The data for Xing et al's paper "Toward a more uniform sampling of human genetic diversity: a survey of worldwide populations by high-density genotyping" is available online.

This dataset consists of 850 individuals, but 259 of them overlap with the HapMap. Another 15 samples had to be removed because they were too similar to others. I also removed Native American samples.
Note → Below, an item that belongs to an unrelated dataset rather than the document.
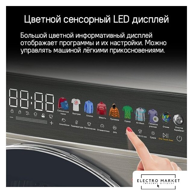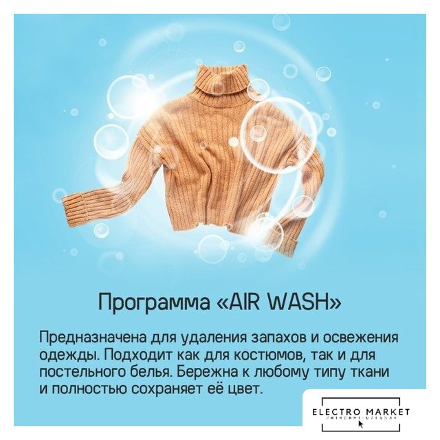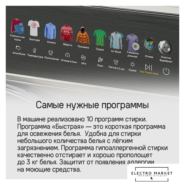 | Все программы | Смешанные тканиБыстраяХлопокШерстьПуховикиСушкаAir WashГиппоаллергеннаяОтжимОчистка барабана |

This leaves us with 529 samples.

Ethnic group Count
Slovenian 25
Punjabi Arain 25
N. European 25
Nepalese 25
Kyrgyzstani 25
Iban 25
Buryat 25
Bambaran 25
Andhra Pradesh Brahmin 25
Kurd 24
Dogon 24
Irula 23
Thai 22
Pygmy 22
Urkarah 18
Tamil Nadu Brahmin 14
Hema 14
Tongan 13
Tamil Nadu Dalit 13
Samoan 13
!Kung 13
Japanese 13
Andhra Pradesh Mala 11
Pedi 10
Andhra Pradesh Madiga 10
Alur 10
Nguni 9
Sotho/Tswana 8
Vietnamese 7
Stalskoe 5
Chinese 5
Khmer Cambodian 3

This dataset is valuable because it contains several South Asian, Central Asian, Southeast Asian and Caucasian groups. However, it does not have a good SNP overlap with 23andme and the other datasets. It has only about 29,000 SNPs in common with 23andme v2 data. Combining HapMap, HGDP, SGVP, Behar et al and Xing et al with 23andme data leaves us with 25,000 SNPs. Due to that, I'll be using Xing et al data for only a few analyses.